= Ian Knight (historian) =

British historian

Ian Knight (born 1956) is a British historian and writer, specialising in Anglo-Zulu and Boer wars.

== Biography ==
Ian Knight was born in Shoreham-by-Sea, Sussex, UK. He first studied Afro-Caribbean history at the University of Kent in the United Kingdom, then he majored in the military history of southern Africa and the history of the Zulu nation and the Anglo-Zulu war of 1879 in particular. He published many books on the subject (nearly thirty) and took part in the first archaeological excavations of the battlefield of Isandlwana in 2000. His best known book is the in-depth study of the Isandlwana and Rorke's Drift campaigns, Zulu Rising. He has occasionally written about other British colonial campaigns, including the New Zealand and Sudan wars.
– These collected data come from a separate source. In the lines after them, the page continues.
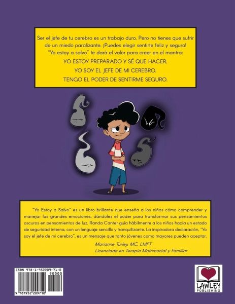 Ser el jefe de tu cerebro es un trabajo duro. Pero no tienes que sufrir de un miedo paralizante. !Puedes elegir sentirte feliz y seguro! "Yo estoy a salvo" te dará el valor para creer en el mantra: YO ESTOY PREPARADO Y SÉ QUE HACER. YO SOY EL JEFE DE MI CEREBRO. TENGO EL PODER DE SENTIRME SEGURO. "Yo estoy a salvo"es un libro brillante que enseña a los niños cómo comprender y manejar las grandes emociones, dándoles el poder para transformar sus pensamientos oscuros en pensamientos de luz. Randa Canter guía hábilmente a los niños hacia un estado de seguridad interna, con un lenguaje sencillo y tranquilizante . La inspiradora declaración, "Yo soy el jefe de mi cerebro", es un mensaje que tanto jóvenes como mayores pueden aceptar. Marianne Turley, MC, LMFT Licenciada en Terapia Matrimonial y Familiar
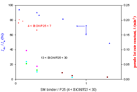 Fig. 2. Effect of added “SM” binder on light absorption and rate constant(iso-propanol 290 ppmv in 650 ml reactor). Selection of chemicals to
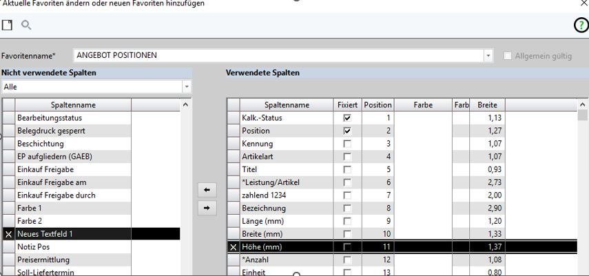 In die Positionstabelle klicken und die Funktion <Favoriten bearbeiten> aufrufen
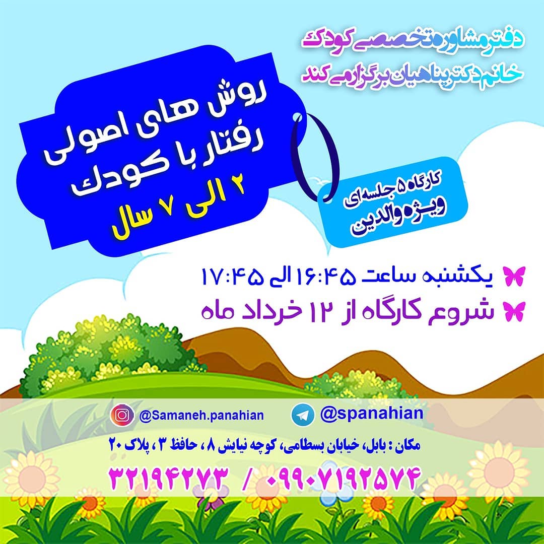 دکتر سمانه پناهیان/ روانشناس کودک و نوجوان اولین برگزار کننده کارگاه های مادر و کودک در استان مازندران آغاز فعالیت از سال 88 مازندران، بابل، کمربندی شرقی، گلستان 15، مجموعه تخصصی روانشناسی کودک و نوجوان

He has advised on museum exhibitions in both the UK and South Africa, and has consulted for British and American television channels, including the BBC, in the production of documentaries. He has catalogued sales of Zulu artefacts for auction houses. In 2019 he narrated a re-enactment of the battle of Isandlwana on the battlefield as part of the 140th anniversary commemoration, in the presence of His Majesty King Goodwill Zwelithini and Prince Mangosuthu Buthelezi, or for commemorative events.

== Bibliography ==
- Great Zulu battles, 1838-1906, Castle Books, 1988, ISBN 0-785-81569-4
- Queen Victoria's Enemies (2): Northern Africa, Bloomsbury USA, 1989
- By Orders of the Great White Queen: Campaigning in Zululand Through the Eyes of the British Soldier, 1879 (editor), Greenhill Books, 1992, ISBN 978-1-853-67122-7
- Zulu 1816–1906, Bloomsbury USA, 1995
- The Anatomy of the Zulu Army, from Shaka to Cetshwayo 1818-1879, Greenhill Books, Londres, 1999, ISBN 1-85367-363-3
- with Ian Castle, Zulu War, 1879, Osprey campaign, 2001, ISBN 1-855-32165-3
- With his face to the foe : the life and death of Louis Napoléon, the prince imperial, Zululand, 1879, Staplehurst (GB), 2001
- Isandlwana 1879, Osprey campaign, 2002, ISBN 978-1-841-76511-2
- The National Army Museum book of the Zulu war, Pan Books, 2003, ISBN 0-330-48629-2
- Boer Commando 1876 - 1902, Osprey publishing, 2004
- British fortifications in Zululand, 1879, Osprey publishing, 2005
- Brave Men's Blood - the Anglo-Zulu war of 1879, Pen & Sword Military Classics, 2005, ISBN 978-1844152124
- A Companion to the Anglo-Zulu War, Pen & Sword Military Classics, 2008
- Maori Fortifications, Bloomsbury USA, 2009
- Zulu Rising: The Epic Story of Isandlwana and Rorke's Drift, Macmillan, 2010
- The New Zealand Wars 1820–72, Bloomsbury Publishing, 2013 ISBN 978-1780962795
- Boer Guerrilla vs British Mounted Soldiers: South Africa 1880-1902, Osprey publishing, 2017

== Honours and awards ==
- Royal United Services Institute's Prize for Best Military History in 2003.
- Awarded the Anglo-Zulu Historical Society's Prince Mangosuthu Buthelezi Award for lifetime's achievement in the field of Zulu history.